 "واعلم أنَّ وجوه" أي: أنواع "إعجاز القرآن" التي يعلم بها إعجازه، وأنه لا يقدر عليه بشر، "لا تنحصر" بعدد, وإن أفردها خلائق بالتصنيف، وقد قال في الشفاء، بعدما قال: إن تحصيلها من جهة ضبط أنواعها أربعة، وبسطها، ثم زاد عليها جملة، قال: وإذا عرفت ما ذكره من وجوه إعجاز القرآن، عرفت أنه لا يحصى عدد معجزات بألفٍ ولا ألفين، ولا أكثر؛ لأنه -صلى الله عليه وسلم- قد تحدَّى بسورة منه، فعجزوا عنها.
****************
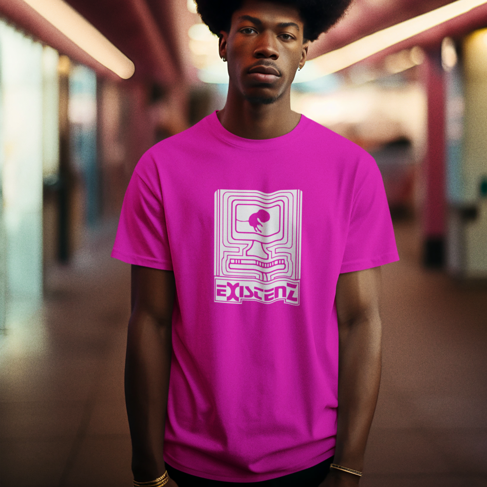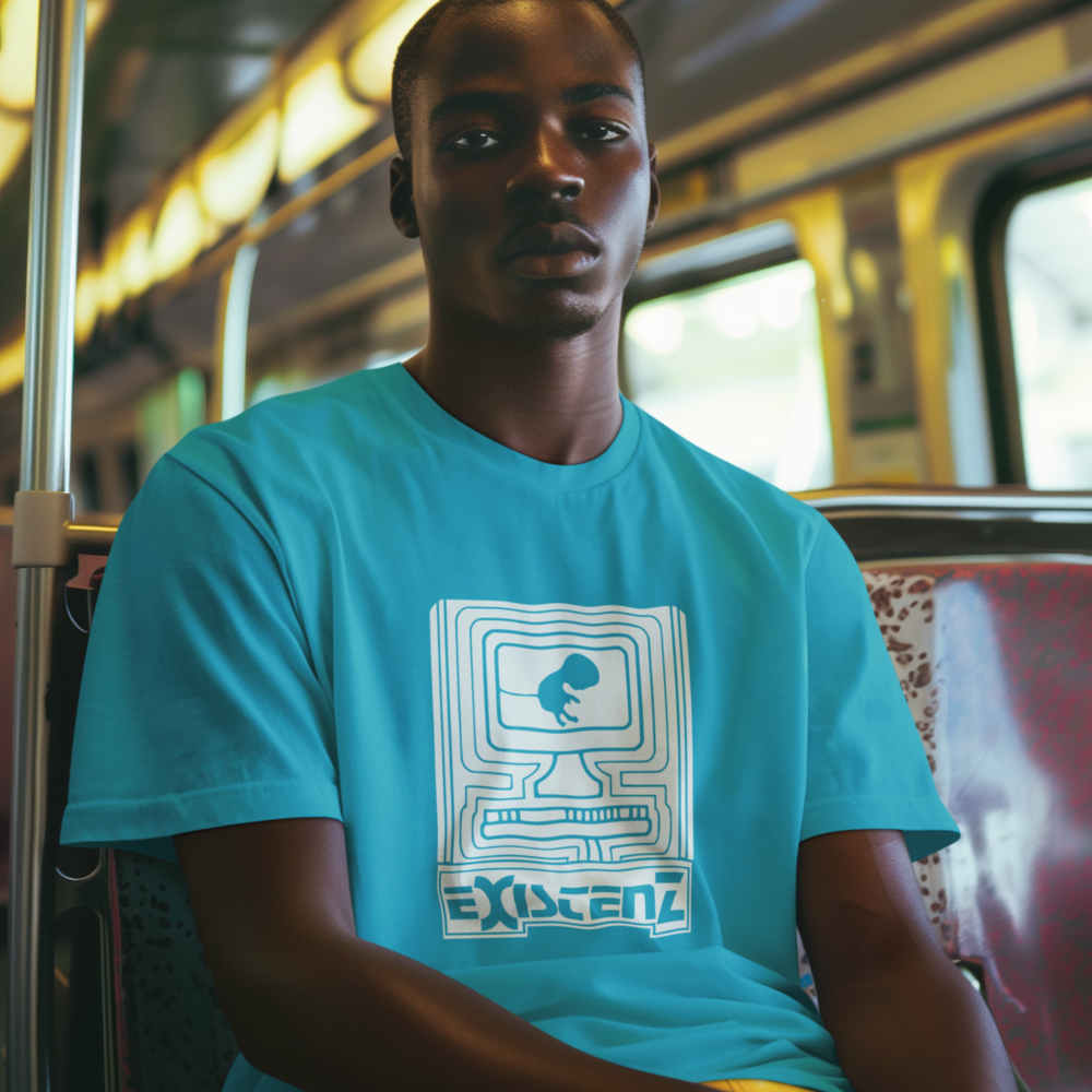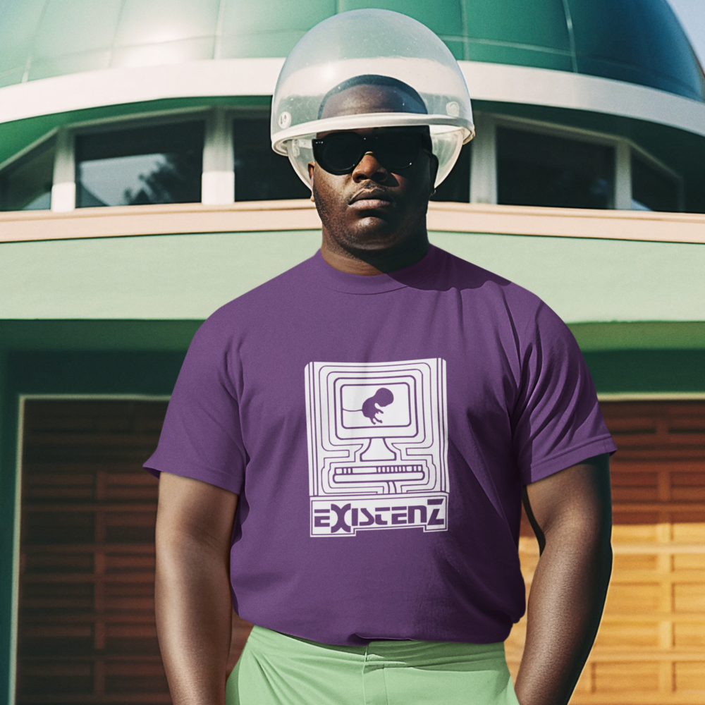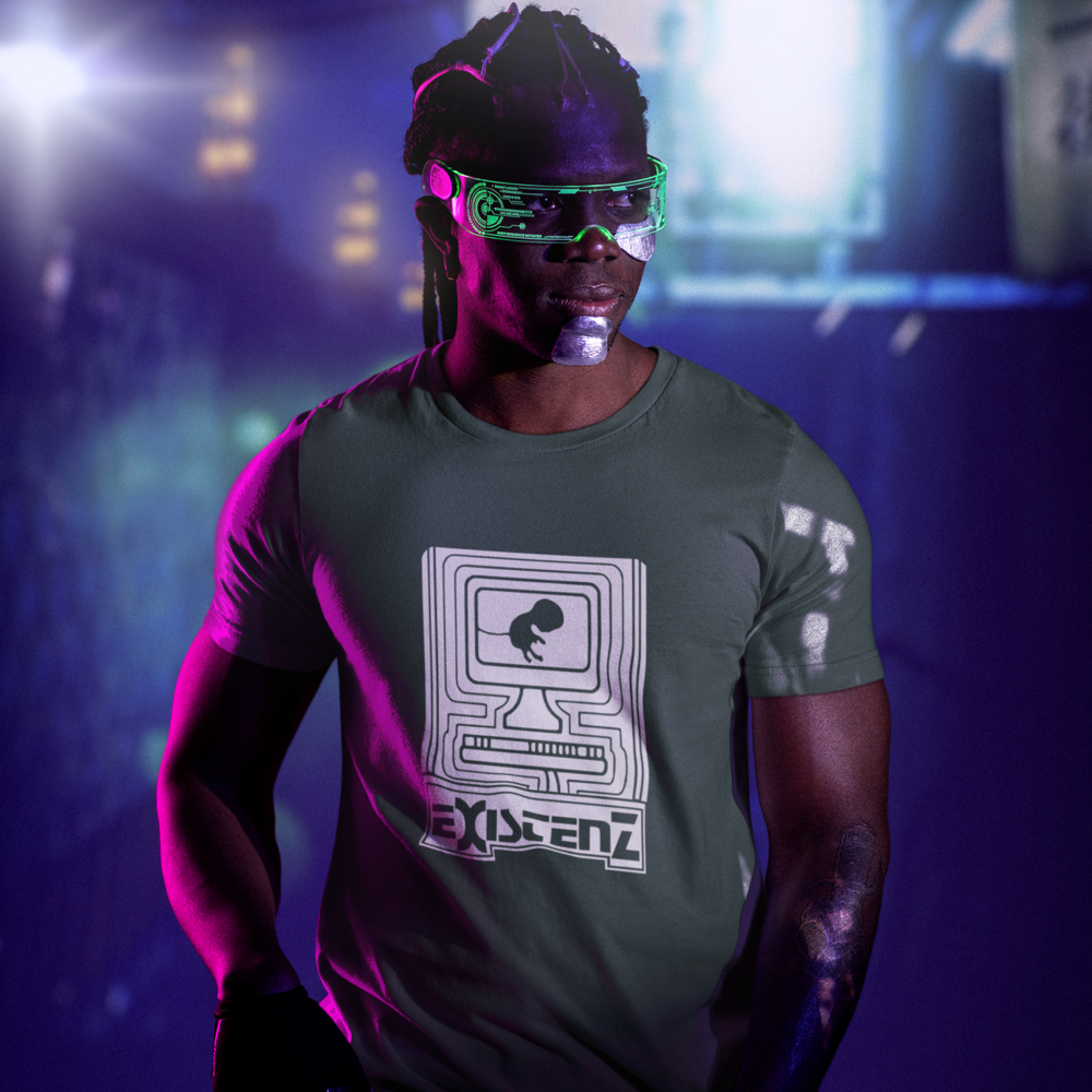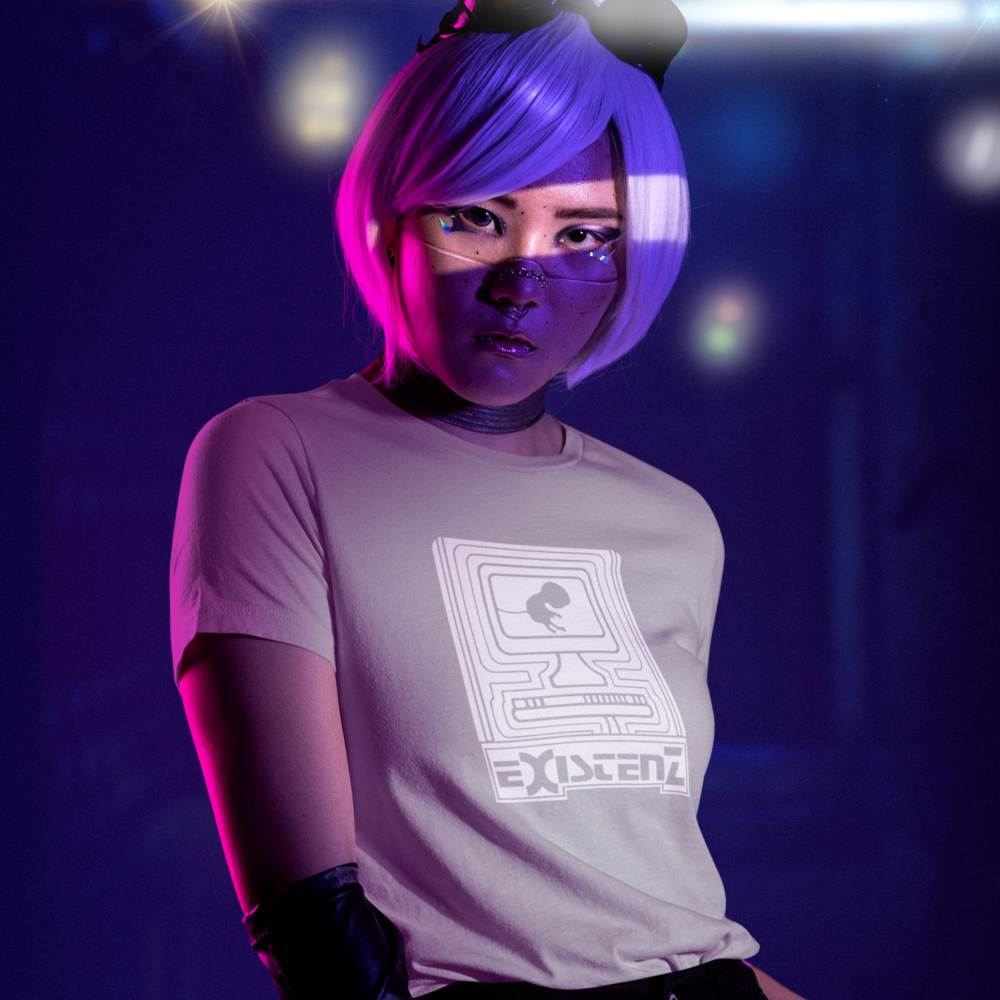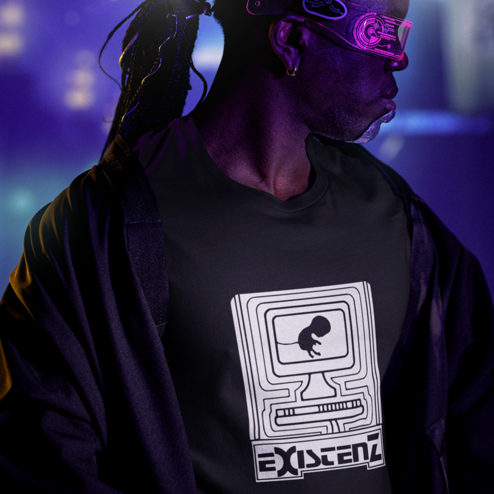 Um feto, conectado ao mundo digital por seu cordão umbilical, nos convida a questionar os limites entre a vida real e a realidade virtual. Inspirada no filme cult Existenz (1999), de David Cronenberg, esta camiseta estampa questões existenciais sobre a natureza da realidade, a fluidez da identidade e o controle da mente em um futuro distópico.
****************
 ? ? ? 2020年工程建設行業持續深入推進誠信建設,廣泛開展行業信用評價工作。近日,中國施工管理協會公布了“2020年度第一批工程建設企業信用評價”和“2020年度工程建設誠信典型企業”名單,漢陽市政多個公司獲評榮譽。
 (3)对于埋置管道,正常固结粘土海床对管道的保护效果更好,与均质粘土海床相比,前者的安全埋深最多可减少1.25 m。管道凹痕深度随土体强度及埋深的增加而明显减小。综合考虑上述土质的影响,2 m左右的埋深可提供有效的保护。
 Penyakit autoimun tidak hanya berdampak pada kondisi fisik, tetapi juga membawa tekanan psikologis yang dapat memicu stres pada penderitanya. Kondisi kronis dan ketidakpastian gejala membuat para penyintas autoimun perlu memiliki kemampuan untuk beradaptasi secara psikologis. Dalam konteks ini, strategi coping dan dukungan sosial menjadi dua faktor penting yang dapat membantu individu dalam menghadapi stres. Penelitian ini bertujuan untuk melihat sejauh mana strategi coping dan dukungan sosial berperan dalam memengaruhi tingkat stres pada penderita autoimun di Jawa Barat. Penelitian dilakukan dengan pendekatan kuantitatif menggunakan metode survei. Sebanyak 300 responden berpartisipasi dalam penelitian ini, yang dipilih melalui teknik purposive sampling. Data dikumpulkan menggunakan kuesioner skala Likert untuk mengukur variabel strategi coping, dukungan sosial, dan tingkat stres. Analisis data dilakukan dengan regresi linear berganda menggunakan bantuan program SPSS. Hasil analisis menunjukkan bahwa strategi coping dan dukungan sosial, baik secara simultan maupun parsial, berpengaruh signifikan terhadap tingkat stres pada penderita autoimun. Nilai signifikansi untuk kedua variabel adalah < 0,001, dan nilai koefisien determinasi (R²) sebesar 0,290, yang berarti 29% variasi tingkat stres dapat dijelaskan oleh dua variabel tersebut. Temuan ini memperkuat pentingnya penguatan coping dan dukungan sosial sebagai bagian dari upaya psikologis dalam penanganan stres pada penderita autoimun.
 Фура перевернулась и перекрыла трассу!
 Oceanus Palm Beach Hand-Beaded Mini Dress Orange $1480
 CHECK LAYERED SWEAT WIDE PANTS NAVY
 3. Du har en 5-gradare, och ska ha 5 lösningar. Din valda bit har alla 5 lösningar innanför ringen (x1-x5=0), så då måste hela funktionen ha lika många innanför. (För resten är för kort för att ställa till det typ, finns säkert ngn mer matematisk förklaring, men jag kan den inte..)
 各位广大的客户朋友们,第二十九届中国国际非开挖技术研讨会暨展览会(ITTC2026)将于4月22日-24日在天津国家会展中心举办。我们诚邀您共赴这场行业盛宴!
****************
(Task details):
Give back, exactly as written, the stretch from the line with "3. Du har en" through the line with "各位广大的客户朋友们,第二十", and no other lines from the records above.

(Solution to the exercise):
 3. Du har en 5-gradare, och ska ha 5 lösningar. Din valda bit har alla 5 lösningar innanför ringen (x1-x5=0), så då måste hela funktionen ha lika många innanför. (För resten är för kort för att ställa till det typ, finns säkert ngn mer matematisk förklaring, men jag kan den inte..)
 各位广大的客户朋友们,第二十九届中国国际非开挖技术研讨会暨展览会(ITTC2026)将于4月22日-24日在天津国家会展中心举办。我们诚邀您共赴这场行业盛宴!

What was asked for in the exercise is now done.